D'autres articles viendront aussitôt que je pourrais les recevoir dignement.
Merci pour vos encouragements.
Mais si, tu l'es, tu es un vrai touriste
Peut-être pour des raisons moins tristes
Un environnement un peu plus spiritualiste
Néanmoins, aucun différence ne subsiste
Il n'y a que les apparences qui te séparent
De ces voyageurs anglais au teint blafard
Ils viennent chercher des souvenirs superficiels
Tu vient humer des ambiances supposées par toi spirituelles
Quel que soit l'endroit du monde rien ne varie
Identique à toute heure en tout lieu la nature de l'esprit
Tu es dans la recherche intérieure
Pourquoi chercher des ressentis extérieurs
Ta place est toujours là où tu Le ressens
A errer au lointain tu repousses le moment
Il n'y a pas plus d'esprit en orient
C'est plutôt l'exotisme qui est présent
Car le Maroc, c'est le soleil couchant
Quant à l'esprit et son lieu
C'est entre les gens qu'on le trouve le mieux
L'exotisme n'est point non plus mon lieu d'arrivée
C'est une flèche d'amour qui s'est en moi imiscée
Pour bien comprendre il faudrait savoir
Mais ceci je ne vous le donnerai pas à voir.
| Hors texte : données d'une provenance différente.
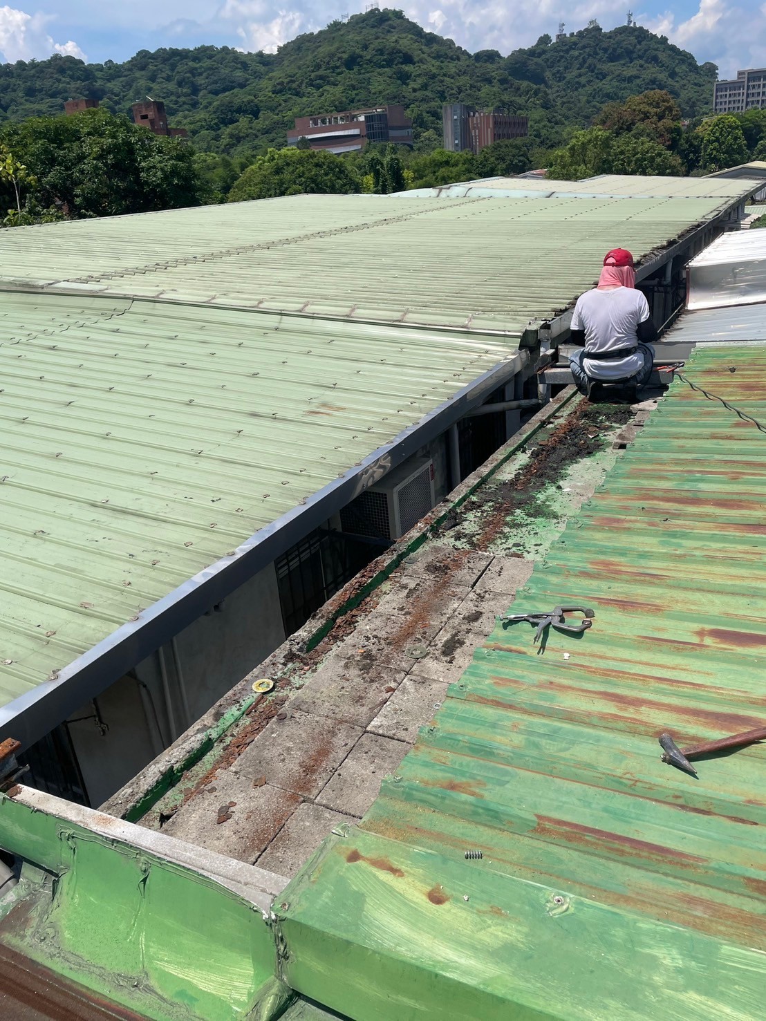 新北金屬鐵工 鐵皮屋頂 矽利康打滿抓漏 玻璃槽工程

Merci tout de même pour ces vers qui malgré quelques travers, m'ont touché à l'extrême...
http://feqrqqqffsfaq.host.com
desk3
[url=http://feqsqqqffsfaq.host.com]desk4[/url]
[link=http://feqaqqqffsfaq.host.com]desk6[/link]
Merci pour ces lignes d'une verdeur sans pareil ! C'est toujours un plaisir enivrant que de boire à la coupe d'un puissant et d'apprendre.
Pour ma part, avec 14 auteurs de pays différents nous sommes " l'auteur " de:
" La rose blanche et l'olivier "
sur:
http://yadiam.over-blog.com/
Nous y parlons de Paix, d'Amour, de Philosophie, mais aussi de Voyages, de Sciences, de Kabbala, de Soufisme... bref, de toutes les ficelles et cordes que la Poésie nous offre.
PS: n'hésitez pas à laisser un commentaire: nous vous répondrons.